Truthound now uses one lifecycle runtime:

- `PluginManager` is the canonical plugin manager
- `EnterprisePluginManager` is an async, capability-driven facade over the same runtime
- Plugins register through stable ports such as `register_check_factory`, `register_data_asset_provider`, `register_reporter`, `register_hook`, and `register_capability`
- Reporter plugins should target the contract-v2 surface where `ValidationRunResult` is the canonical input

## Documentation

- Architecture: [docs/concepts/architecture.md](docs/concepts/architecture.md)
- Plugin platform: [docs/concepts/plugins.md](docs/concepts/plugins.md)
- Reporter SDK: [docs/guides/reporter-sdk.md](docs/guides/reporter-sdk.md)
- Checkpoints: [docs/guides/checkpoints.md](docs/guides/checkpoints.md)
- Migration guide: [docs/guides/migration-2.0.md](docs/guides/migration-2.0.md)
- Legacy archive: [docs/legacy/index.md](docs/legacy/index.md)
- Release notes: [docs/releases/truthound-2.0.md](docs/releases/truthound-2.0.md)
- ADRs: [docs/adr/001-validation-kernel.md](docs/adr/001-validation-kernel.md), [docs/adr/002-plugin-platform.md](docs/adr/002-plugin-platform.md), [docs/adr/003-result-model.md](docs/adr/003-result-model.md), [docs/adr/004-migration-compatibility.md](docs/adr/004-migration-compatibility.md)

## Development

```bash
uv run --frozen --extra dev python -m pytest -q
uv run --frozen --extra dev python -m pytest --collect-only -q tests
uv run --frozen --extra dev python -m pytest -q -m "contract or fault or e2e" -p no:cacheprovider
uv run --frozen --extra dev python -m pytest -q -m "contract or fault or integration or soak or stress or scale_100m or e2e" --run-integration --run-expensive --run-soak -p no:cacheprovider
uv run --frozen --extra dev python docs/scripts/check_links.py --mkdocs mkdocs.yml README.md CLAUDE.md
uv run --frozen --extra dev --extra docs mkdocs build --strict
```

Tests now follow a failure-first lane model:

- `contract`: stable public API and compatibility boundaries
- `fault`: deterministic failure injection, timeout, corruption, and concurrency scenarios
- `integration`: opt-in backend and external-service coverage
- `soak` and `stress`: nightly-only load and chaos coverage

The default local run is intentionally fast.

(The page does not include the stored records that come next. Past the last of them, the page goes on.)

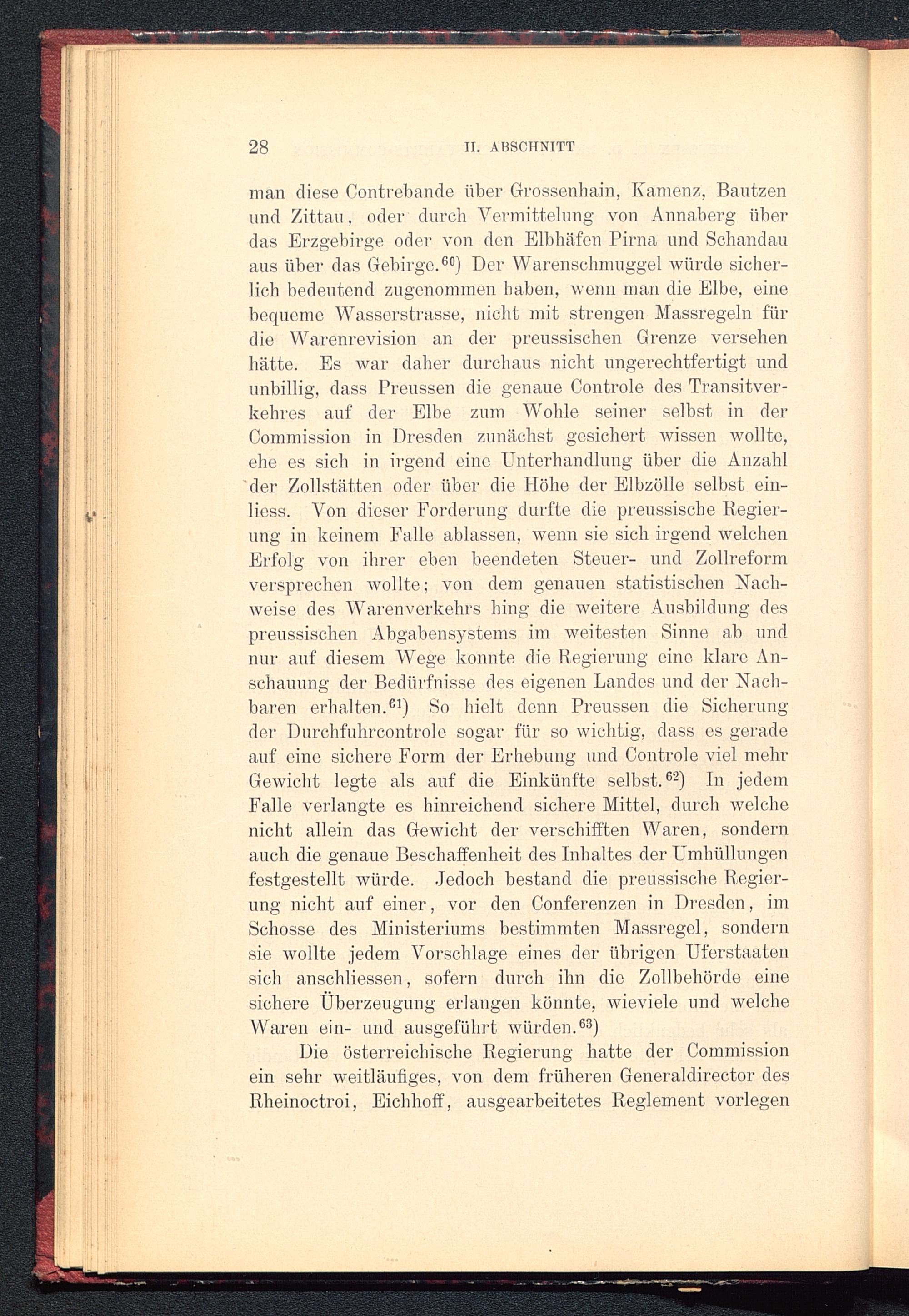 man diese Contrebande über Grossenbain, Kamenz, Bautzen und Zittau, oder durch Vermittelung von Annaberg überdas Erzgebirge oder von den Elbhäfen Pirna und Schandau aus über das Gebirge. 60 ) Der Warensclimuggel würde sicher-lich bedeutend zugenommen haben, wenn man die Elbe, einebequeme Wasserstrasse, nicht mit strengen Massregeln fürdie Warenrevision an der preussischen Grenze versehenhätte. Es war daher durchaus nicht ungerechtfertigt undunbillig, dass Preussen die genaue Controle des Transitver-kehres auf der Elbe zum Wolde seiner selbst in derCommission in Dresden zunächst gesichert wissen wollte,ehe es sich in irgend eine Unterhandlung über die Anzahlder Zollstätten oder über die Höhe der Elbzölle selbst ein-liess. Von dieser Forderung durfte die preussische Regier-ung in keinem Falle ablassen, wenn sie sich irgend welchenErfolg von ihrer eben beendeten Steuer- und Zollreformversprechen wollte; von dem genauen statistischen Nach-weise des Warenverkehrs hing die weitere Ausbildung despreussischen Abgabensystems im weitesten Sinne ab undnur auf diesem Wege konnte die Regierung eine klare An-schauung der Bedürfnisse des eigenen Landes und der Nach-baren erhalten. 61 ) So hielt denn Preussen die Sicherungder Durchfuhrcontrole sogar für so wichtig, dass es geradeauf eine sichere Form der Erhebung und Controle viel mehrGewicht legte als auf die Einkünfte selbst. 62 ) In jedemFalle verlangte es hinreichend sichere Mittel, durch welchenicht allein das Gewicht der verschifften Waren, sondernauch die genaue Beschaffenheit des Inhaltes der Umhüllungenfestgestellt würde. Jedoch bestand die preussische Regier-ung nicht auf einer, vor den Conferenzen in Dresden , imSchosse des Ministeriums bestimmten Massregel, sondernsie wollte jedem Vorschläge eines der übrigen Uferstaatensich anscldiessen, sofern durch ihn die Zollbehörde einesichere Überzeugung erlangen könnte, wieviele und welcheWaren ein- und ausgeführt würden. 63 )
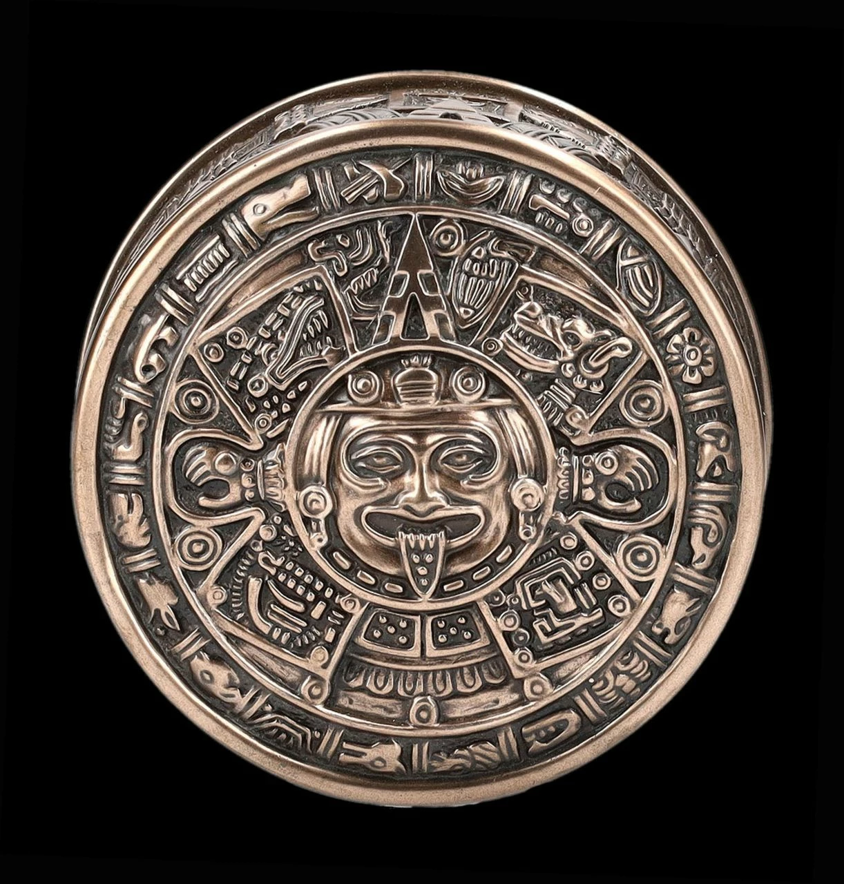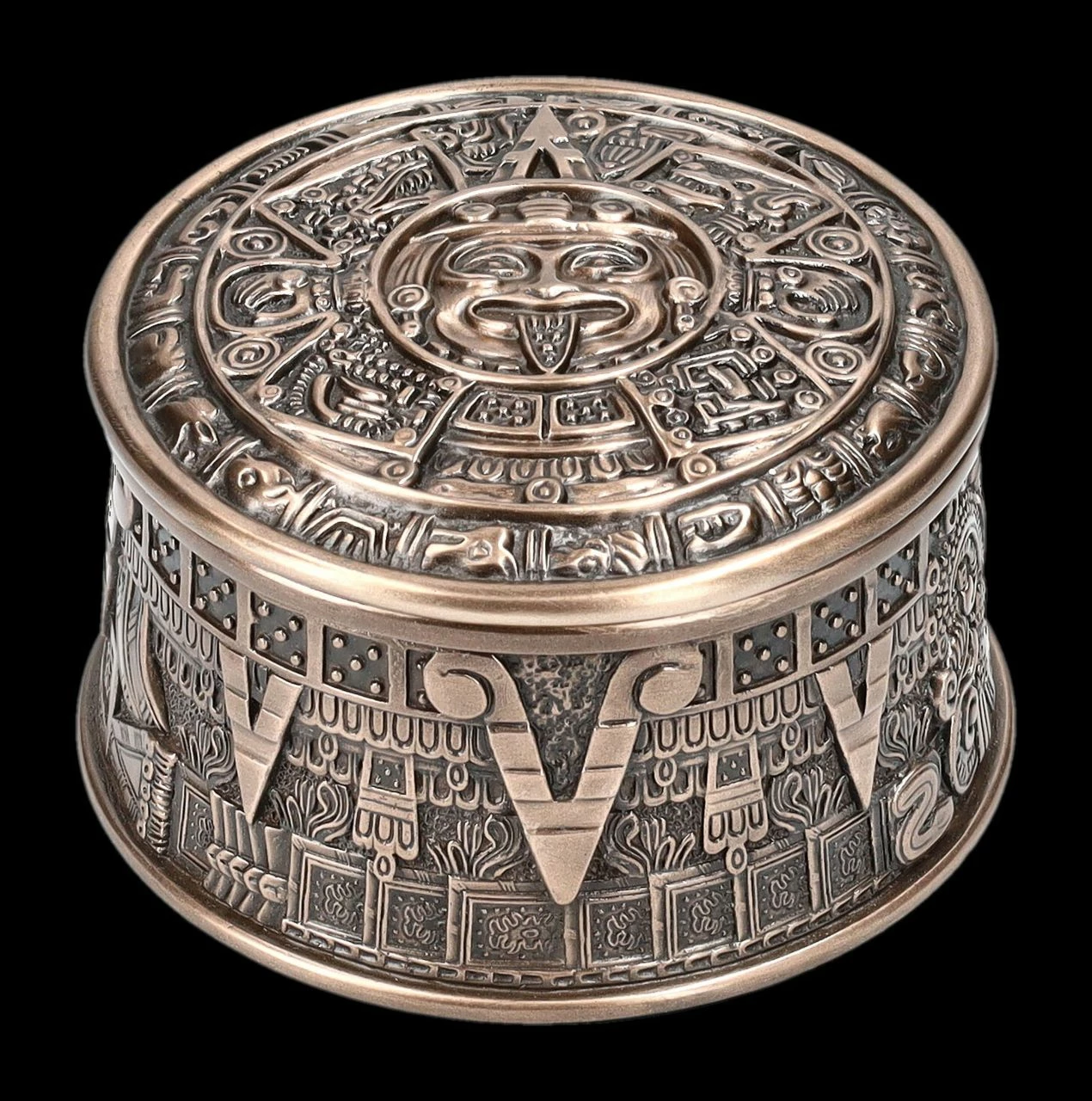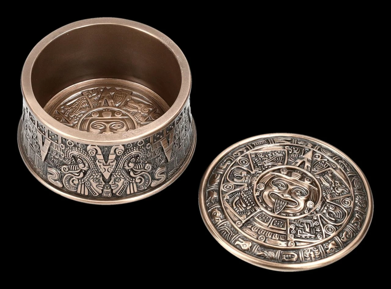 Ob kleine Kostbarkeiten oder auch Räucherwerk – in dieser 6 cm hohen Schatulle mit dem Durchmesser von 10 cm ist alles gut aufgehoben. Mit dem Azteken Sonnenkalender auf dem Deckel und den plastischen Verzierungen ist diese edel bronzierte Schatulle aus der Studio Collection von Veronese auch ein Blickfang und ein wunderbares Geschenk für jeden, der von der Kultur der Azteken fasziniert ist. Die fantastische Schatulle wurde aus hochwertigem Kunststein (Polyresin) gefertigt und ist mit den Innenmaßen von 4 cm Höhe und dem Durchmesser von 7,5 cm zum Beispiel auch als Verpackung für ein besonderes Geschenk hervorragend geeignet.
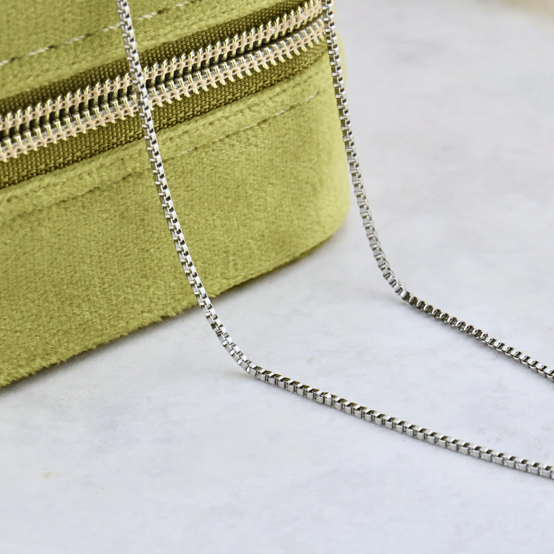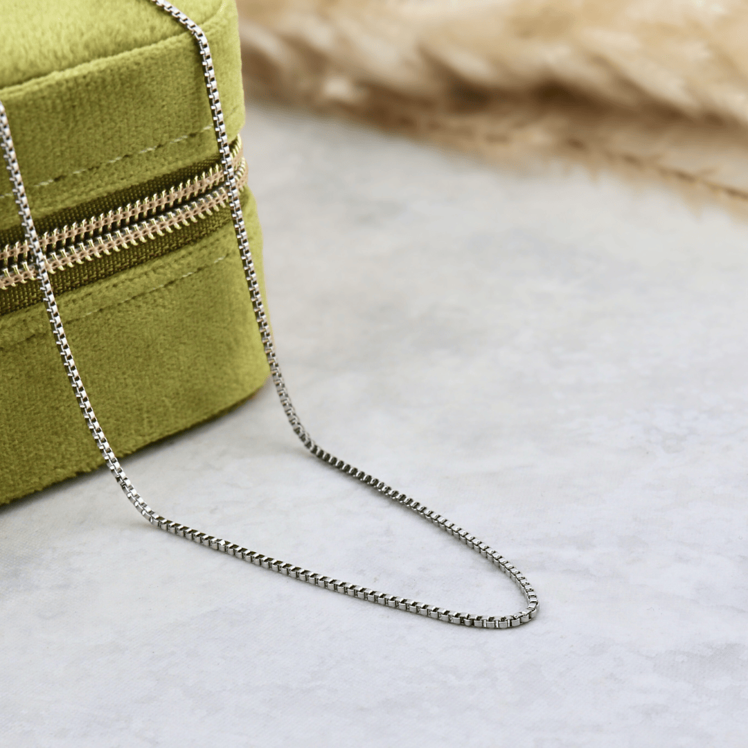 Box chain in stainless steel, slim and understated. A versatile essential, perfect worn alone or layered for everyday style.
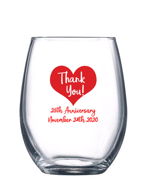 Give each toast a personal touch with these large 12oz stemless wine glasses! The perfect wedding favours, bridal showers anniversaries and your next corporate event. Personalize with your names and the event date for fabulous mementos and tabletop decor. 4.8 inches (H) x 1.75 inches at bottom (W) -2.5 inches at top (W) Add a gift box only $1.00 - Also available in 9oz - 15oz and 17oz
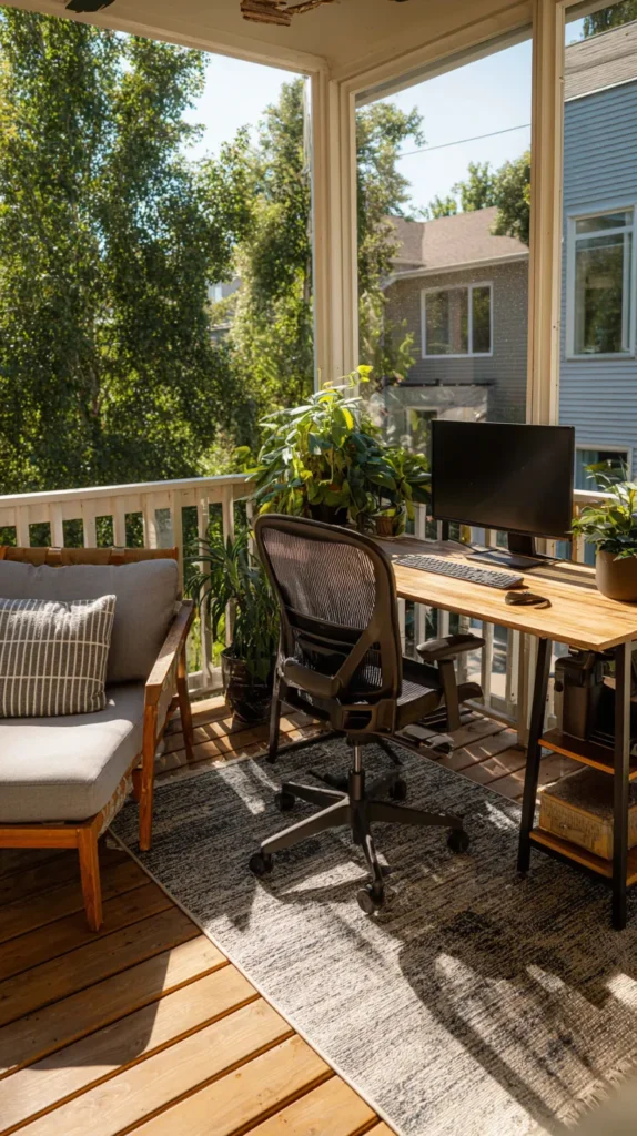 Design a screen porch that functions as an inspiring home office during work hours and relaxation space during evenings and weekends. Install a substantial desk positioned to face the best view, with proper electrical outlets and internet connectivity supporting computer equipment and charging needs.
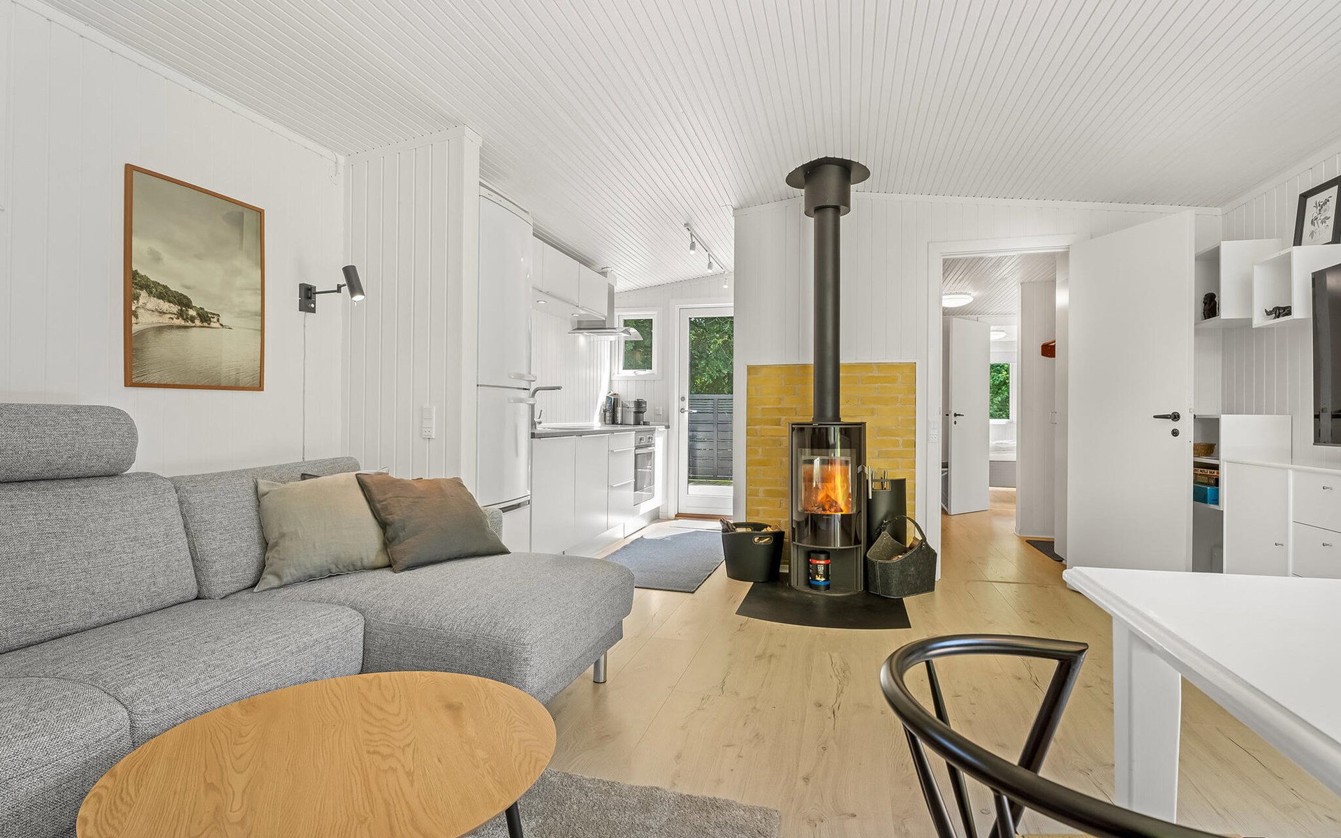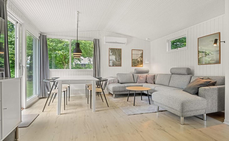 Dieses gepflegte Haus in Marielyst bietet ideale Voraussetzungen für einen entspannten Aufenthalt mit der Familie. Der offene Wohnbereich empfängt Sie mit freundlicher Einrichtung, großen Fensterflächen und direktem Zugang zur Terrasse. Nehmen Sie auf dem gemütlichen Sofa Platz, lassen Sie die Blicke ins Grüne schweifen oder genießen Sie gemeinsame Mahlzeiten am Esstisch mit Blick in den Garten. In der praktischen Küche bereiten Sie Ihre Lieblingsgerichte zu, während im Hintergrund der Kaminofen für wohlige Wärme sorgt.
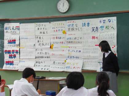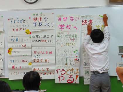 各クラスの委員の人は、ちょっぴり緊張しながら、クラスのみんなの前に立ちます。委員会で作ったポスターを黒板に貼ってから話し始めます。
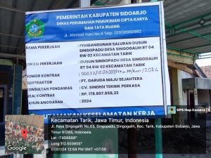 Sidoarjo, Media Allround – Rekanan proyek di Dinas PU Bina Marga kabupaten Sidoarjo yang melaksanakan pekerjaan drainase berlokasi di Dusun Singopadu RT 04 RW 02, Desa Singogalih, Kecamatan Tarik, Kabupaten Sidoarjo minim mendapat pengawasan dari pihak terkait yakni mengabaikan Keselamatan dan Kesehatan Kerja ( K3).
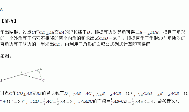 在△ABC中,AB=AC=4,∠B=15°,则△ABC的面积为( )
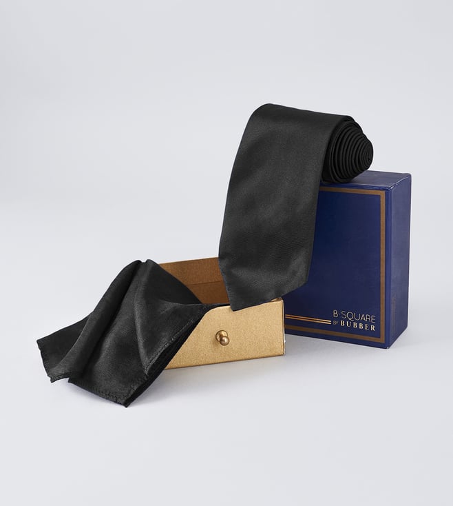 Black Pure Silk Necktie and Pocket Square Set

Manual verification artifacts live under `verification/phase6` and are intentionally kept out of pytest discovery.

When adding tests, prefer scenarios that protect public contracts or operational failure modes. Avoid adding default-value, getter/setter, enum-literal, `to_dict()` round-trip, or CSS-string existence tests unless they prove a compatibility boundary that has failed before.